### [AIM OF THE TASK]
Among the entries below, the lines from the one with "Your Ninja blender" up to and including the one with "From oligos to" are to be restated exactly, without pictures.

### [PROVIDED INFORMATION]
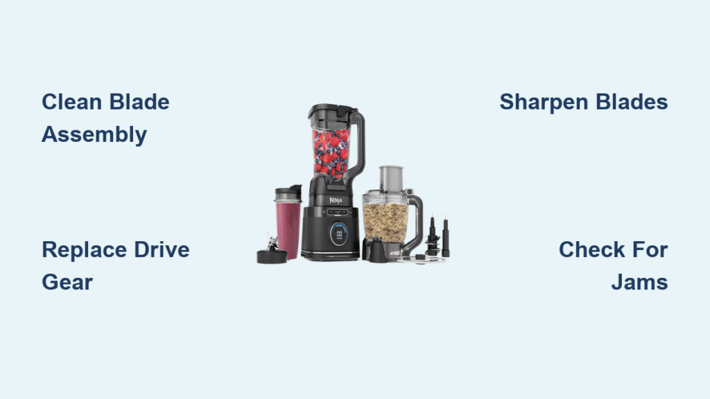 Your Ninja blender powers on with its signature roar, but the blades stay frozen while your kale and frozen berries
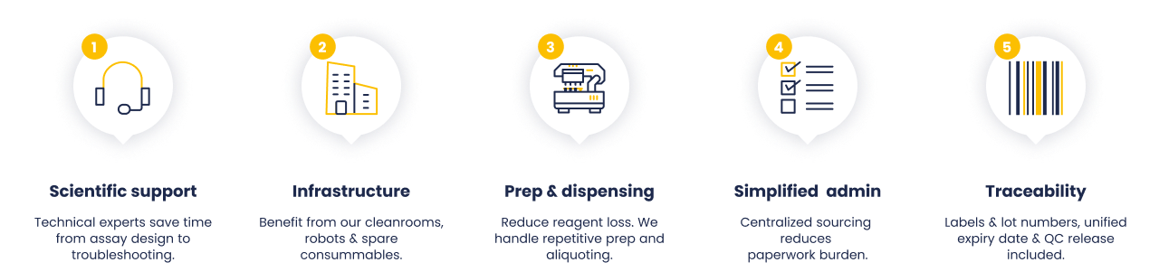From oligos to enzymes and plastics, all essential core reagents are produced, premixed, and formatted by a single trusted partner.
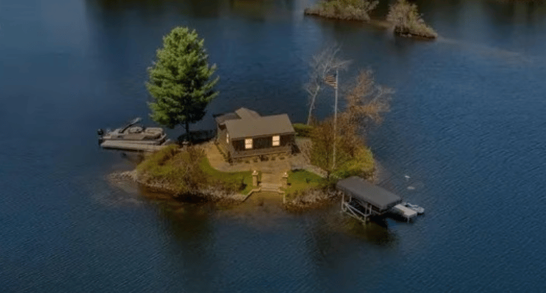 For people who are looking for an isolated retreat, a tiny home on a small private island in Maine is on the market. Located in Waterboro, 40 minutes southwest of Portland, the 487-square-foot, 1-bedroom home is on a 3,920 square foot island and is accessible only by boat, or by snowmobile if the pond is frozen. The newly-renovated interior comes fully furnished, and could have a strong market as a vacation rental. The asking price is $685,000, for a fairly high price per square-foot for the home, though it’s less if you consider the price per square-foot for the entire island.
* * *
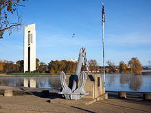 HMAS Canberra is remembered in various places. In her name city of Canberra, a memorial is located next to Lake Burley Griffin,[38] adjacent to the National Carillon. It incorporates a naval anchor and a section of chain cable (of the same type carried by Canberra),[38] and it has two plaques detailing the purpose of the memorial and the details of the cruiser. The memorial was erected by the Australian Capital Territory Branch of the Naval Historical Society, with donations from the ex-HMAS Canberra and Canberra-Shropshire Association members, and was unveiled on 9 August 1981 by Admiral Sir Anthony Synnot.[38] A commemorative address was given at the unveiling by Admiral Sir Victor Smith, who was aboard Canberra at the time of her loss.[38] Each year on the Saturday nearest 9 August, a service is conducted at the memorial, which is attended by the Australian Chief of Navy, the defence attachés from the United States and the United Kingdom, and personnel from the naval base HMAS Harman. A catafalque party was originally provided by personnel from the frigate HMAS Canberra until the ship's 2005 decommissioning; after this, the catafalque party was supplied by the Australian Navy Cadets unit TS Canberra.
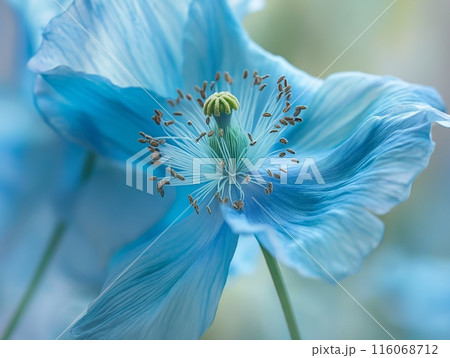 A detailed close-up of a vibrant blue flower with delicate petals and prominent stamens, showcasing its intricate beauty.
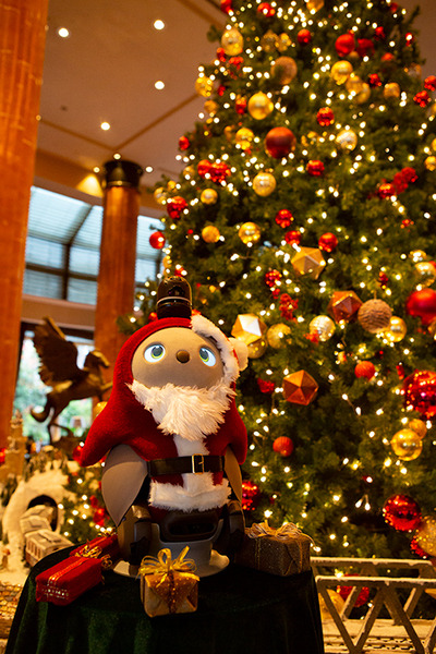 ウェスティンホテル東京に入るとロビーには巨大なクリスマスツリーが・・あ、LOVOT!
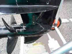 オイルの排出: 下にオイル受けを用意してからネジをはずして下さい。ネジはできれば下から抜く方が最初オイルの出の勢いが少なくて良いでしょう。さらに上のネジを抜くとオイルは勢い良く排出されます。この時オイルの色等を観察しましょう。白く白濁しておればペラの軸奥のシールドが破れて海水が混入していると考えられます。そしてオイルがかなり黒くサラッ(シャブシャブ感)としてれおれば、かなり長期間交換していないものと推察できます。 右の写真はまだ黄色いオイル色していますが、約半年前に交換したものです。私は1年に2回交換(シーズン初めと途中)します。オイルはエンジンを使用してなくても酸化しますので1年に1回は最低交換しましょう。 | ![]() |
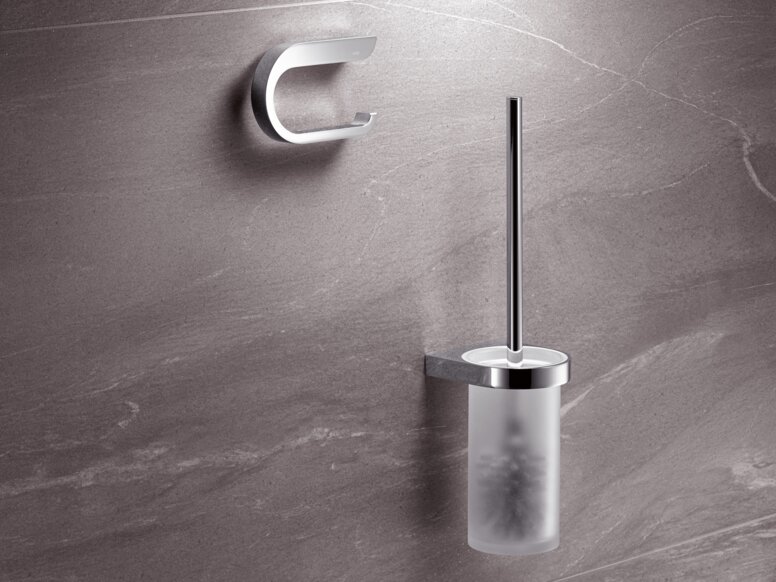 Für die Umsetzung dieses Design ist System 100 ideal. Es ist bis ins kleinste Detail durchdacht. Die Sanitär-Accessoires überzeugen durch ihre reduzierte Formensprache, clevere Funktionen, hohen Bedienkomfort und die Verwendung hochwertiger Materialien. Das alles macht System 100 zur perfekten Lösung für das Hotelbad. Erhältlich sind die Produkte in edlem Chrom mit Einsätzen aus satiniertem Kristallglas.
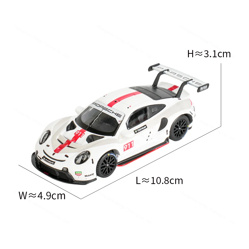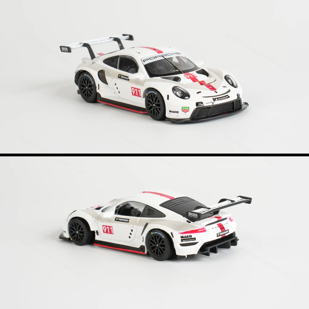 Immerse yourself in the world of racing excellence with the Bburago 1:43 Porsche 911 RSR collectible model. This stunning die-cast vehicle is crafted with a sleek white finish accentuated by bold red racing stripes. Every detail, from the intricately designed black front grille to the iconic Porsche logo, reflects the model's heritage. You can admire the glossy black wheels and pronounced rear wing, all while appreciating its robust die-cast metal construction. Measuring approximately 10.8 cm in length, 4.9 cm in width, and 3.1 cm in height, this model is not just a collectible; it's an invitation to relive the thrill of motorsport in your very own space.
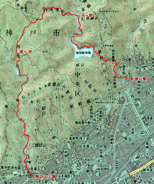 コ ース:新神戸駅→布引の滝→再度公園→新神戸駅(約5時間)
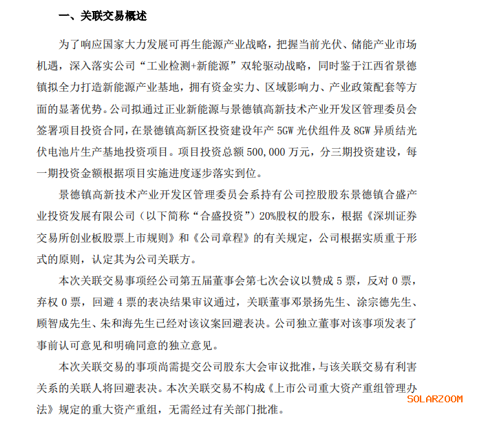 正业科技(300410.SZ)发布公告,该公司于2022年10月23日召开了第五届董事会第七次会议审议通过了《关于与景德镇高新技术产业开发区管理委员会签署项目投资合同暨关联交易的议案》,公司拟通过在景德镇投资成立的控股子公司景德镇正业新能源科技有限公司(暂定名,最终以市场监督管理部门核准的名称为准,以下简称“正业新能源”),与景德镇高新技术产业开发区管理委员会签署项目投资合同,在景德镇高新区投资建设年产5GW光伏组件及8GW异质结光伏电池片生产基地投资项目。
---
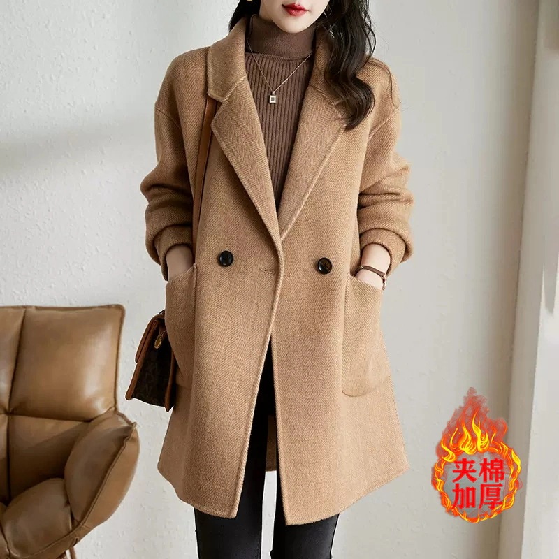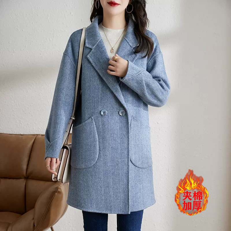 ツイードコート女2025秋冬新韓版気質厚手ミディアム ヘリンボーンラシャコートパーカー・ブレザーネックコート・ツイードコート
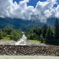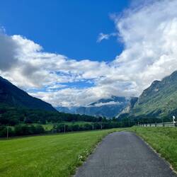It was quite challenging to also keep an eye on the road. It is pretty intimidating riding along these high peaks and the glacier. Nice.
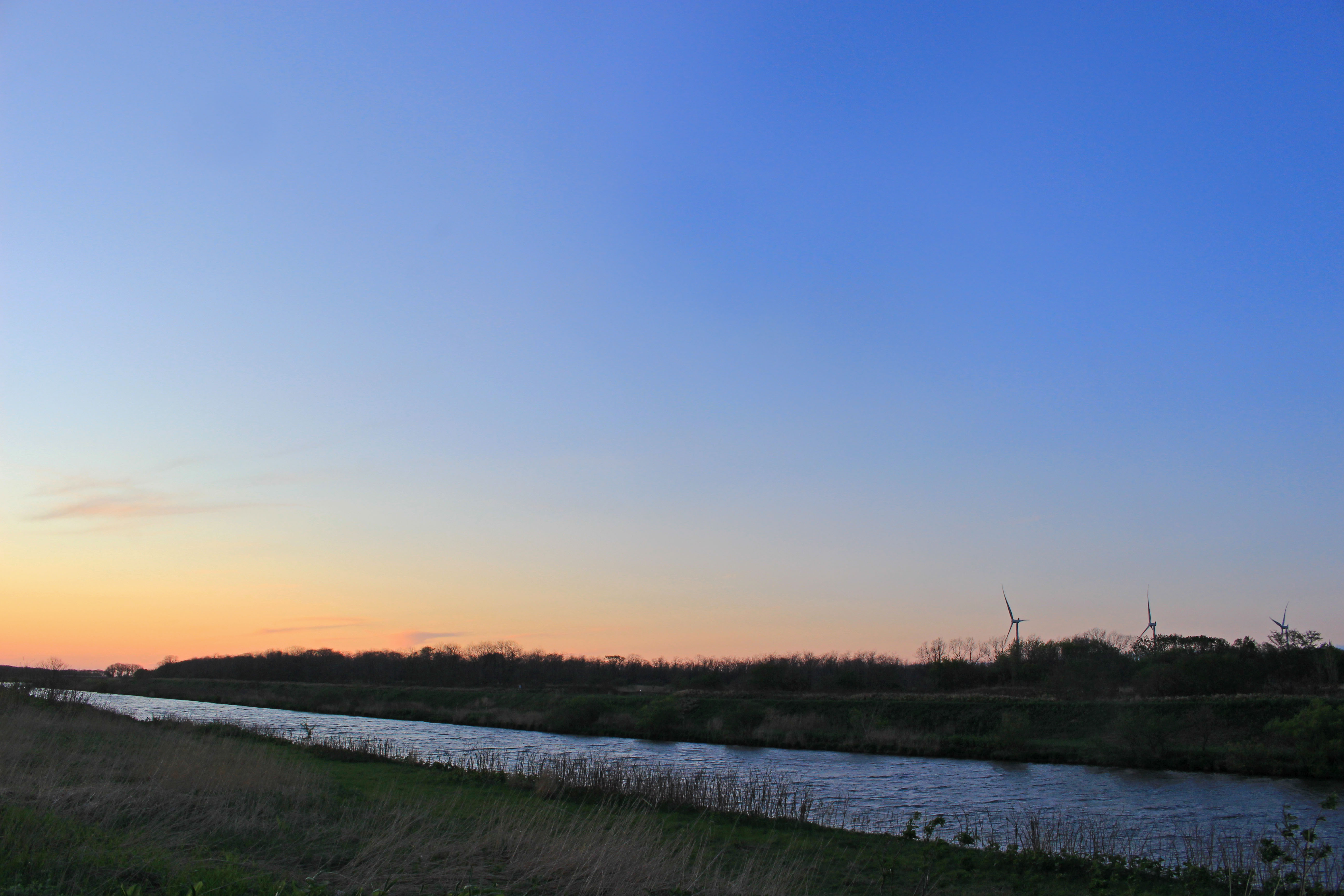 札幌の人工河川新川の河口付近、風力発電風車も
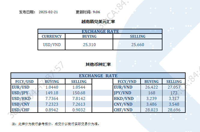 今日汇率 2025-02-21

### [ANSWER BELOW]
 Your Ninja blender powers on with its signature roar, but the blades stay frozen while your kale and frozen berries
From oligos to enzymes and plastics, all essential core reagents are produced, premixed, and formatted by a single trusted partner.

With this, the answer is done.